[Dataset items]
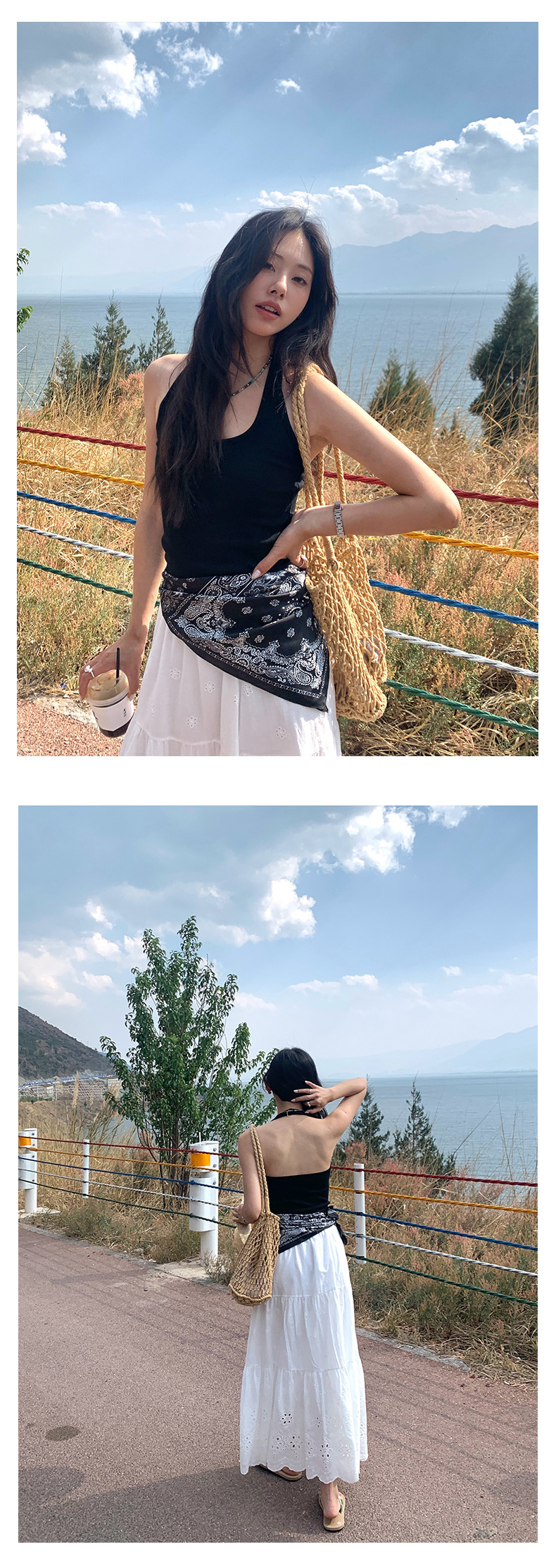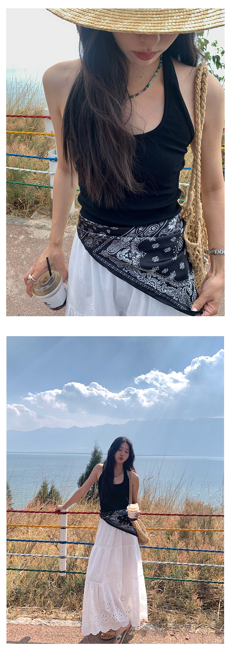 *o-ha-you*【FHZH1YZ5020469】腰果花圖案印花雪紡時尚裝飾方巾2025夏潮流百搭飾品
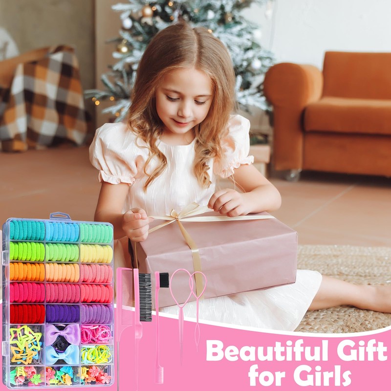 - 【Rich Combination】The girls hair accessories set includes 300 cotton toddler hair ties, 200 hair rubber bands, 100 baby hair ties, 40 baby hair clips, 4 baby hair ties with bows, 2 hair tail tools, 1 teasing hair brush, 1 double sided edge brush and 1 rat tail comb. Packaged in a reusable transparent plastic box
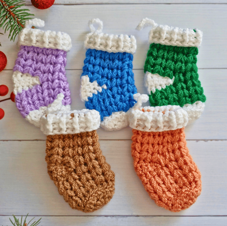Each stocking is crocheted using a textured V-stitch design with a soft white cuff and hanging loop. Three of the stockings feature classic white heels and toes, while two are worked in a solid colour. The set includes a mix of warm and vibrant shades to bring variety and charm to your seasonal setup.
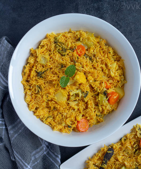 - Make sure you chop the veggies into big chunks for this biryani. You need approx 4 cups of mixed vegetables for this recipe.
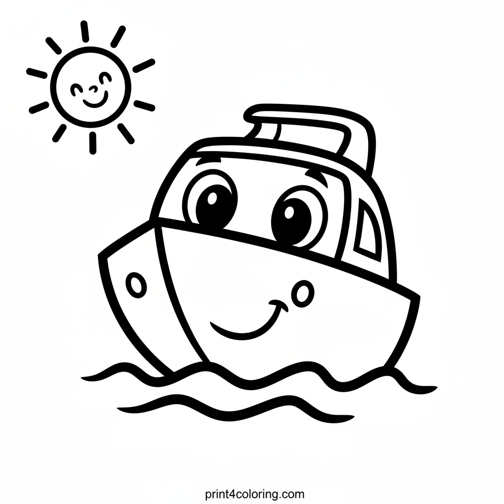 Set sail for a super fun adventure with this happy little yacht! With its big friendly eyes and a cheerful smile, this cute boat is gently bouncing on the wavy water under a bright, sunny sky. Grab your crayons and bring this joyful scene to life with your favorite colors. It's time for a happy voyage!
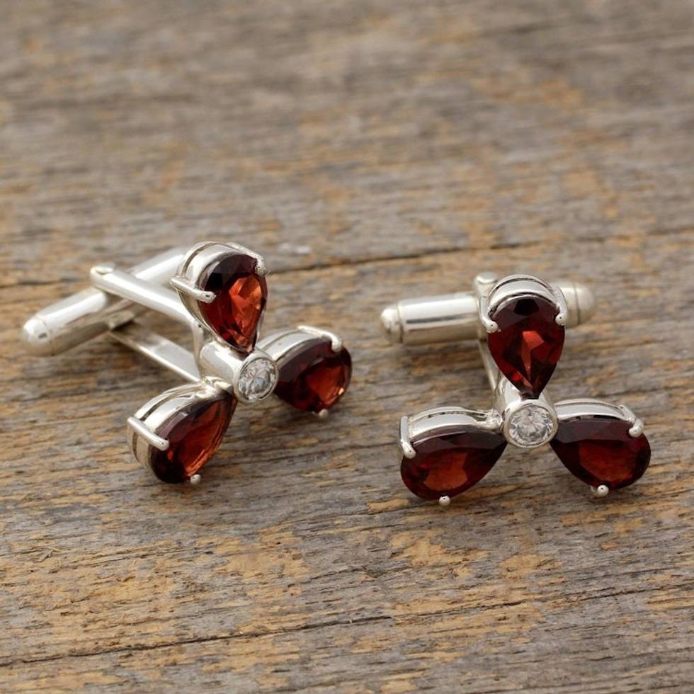 Men's Sterling Silver Cubic Zirconia Garnet Cufflinks 'Bold Scarlet' Item ID: 2671794886
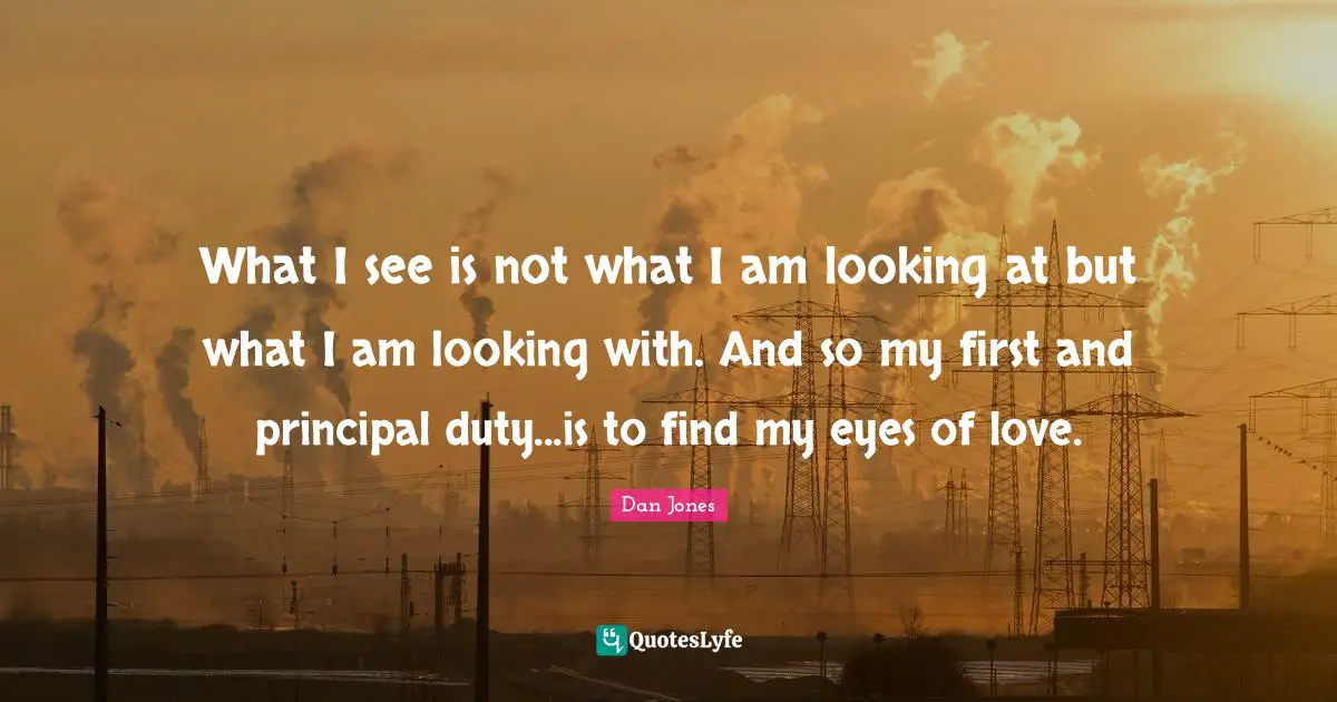 This page presents the quote "What I see is not what I am looking at but what I am looking with. And so my first and principal duty...is to find my eyes of love.". Author of this quote is Dan Jones. This quote is about firsts, principal, eye, eyes of love, duty,.
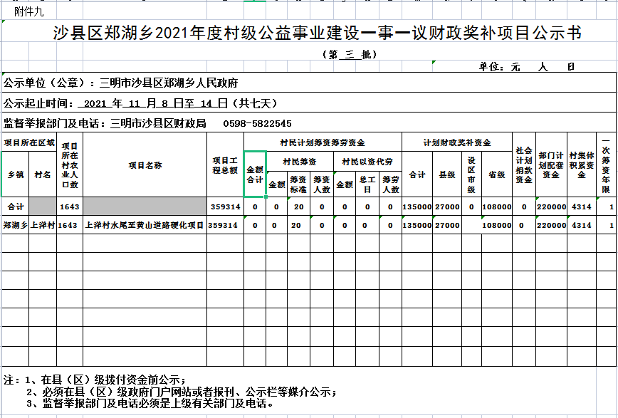 沙县区郑湖乡2021年度村级公益事业建设一事一议财政奖补项目公示书(第三批)
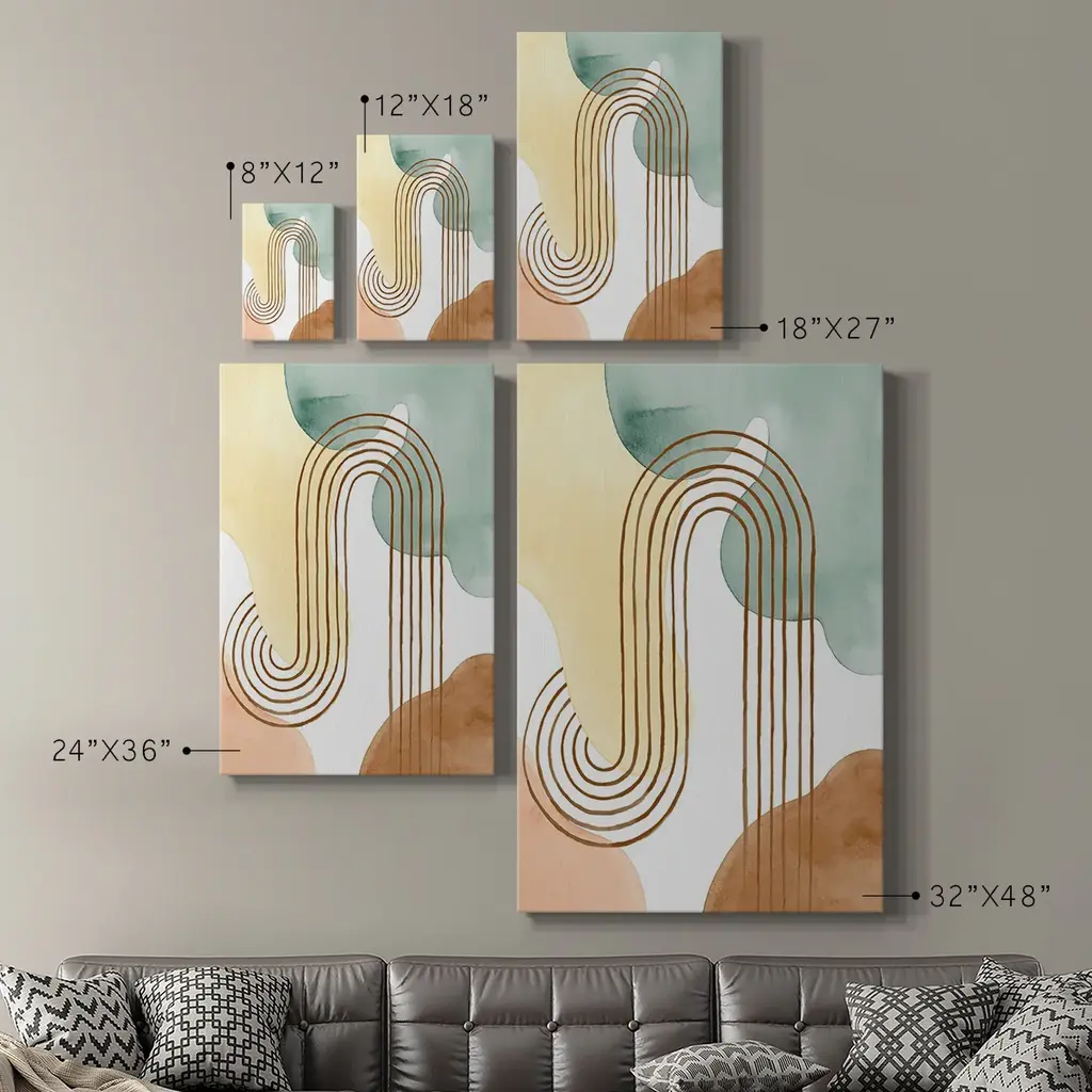 Spring Shapes I Premium Gallery Wrapped Canvas - Ready to Hang A premium hang stretched gallery wrapped canvas print created to last. Featuring a beveled a solid wood stretcher bar, each piece comes ready to hang 6 SIZES AVAILABLE 8''X12'' - Overall Size 12'X18'' - Overall Size 18''x27'' - Overall Size 24''x36'' - Overall Size 32''x48'' - Overall Size 40"x60" - Overall Size Each piece is made to order. Built to Last Each piece comes ready to hang Solid wood stretcher Fade and Water resistant Made domestically

> [DIRECTIONS]:
Copy every record exactly, but skip the pictures.

> [PROBLEM SOLUTION]:
 *o-ha-you*【FHZH1YZ5020469】腰果花圖案印花雪紡時尚裝飾方巾2025夏潮流百搭飾品
 - 【Rich Combination】The girls hair accessories set includes 300 cotton toddler hair ties, 200 hair rubber bands, 100 baby hair ties, 40 baby hair clips, 4 baby hair ties with bows, 2 hair tail tools, 1 teasing hair brush, 1 double sided edge brush and 1 rat tail comb. Packaged in a reusable transparent plastic box
Each stocking is crocheted using a textured V-stitch design with a soft white cuff and hanging loop. Three of the stockings feature classic white heels and toes, while two are worked in a solid colour. The set includes a mix of warm and vibrant shades to bring variety and charm to your seasonal setup.
 - Make sure you chop the veggies into big chunks for this biryani. You need approx 4 cups of mixed vegetables for this recipe.
 Set sail for a super fun adventure with this happy little yacht! With its big friendly eyes and a cheerful smile, this cute boat is gently bouncing on the wavy water under a bright, sunny sky. Grab your crayons and bring this joyful scene to life with your favorite colors. It's time for a happy voyage!
 Men's Sterling Silver Cubic Zirconia Garnet Cufflinks 'Bold Scarlet' Item ID: 2671794886
 This page presents the quote "What I see is not what I am looking at but what I am looking with. And so my first and principal duty...is to find my eyes of love.". Author of this quote is Dan Jones. This quote is about firsts, principal, eye, eyes of love, duty,.
 沙县区郑湖乡2021年度村级公益事业建设一事一议财政奖补项目公示书(第三批)
 Spring Shapes I Premium Gallery Wrapped Canvas - Ready to Hang A premium hang stretched gallery wrapped canvas print created to last. Featuring a beveled a solid wood stretcher bar, each piece comes ready to hang 6 SIZES AVAILABLE 8''X12'' - Overall Size 12'X18'' - Overall Size 18''x27'' - Overall Size 24''x36'' - Overall Size 32''x48'' - Overall Size 40"x60" - Overall Size Each piece is made to order. Built to Last Each piece comes ready to hang Solid wood stretcher Fade and Water resistant Made domestically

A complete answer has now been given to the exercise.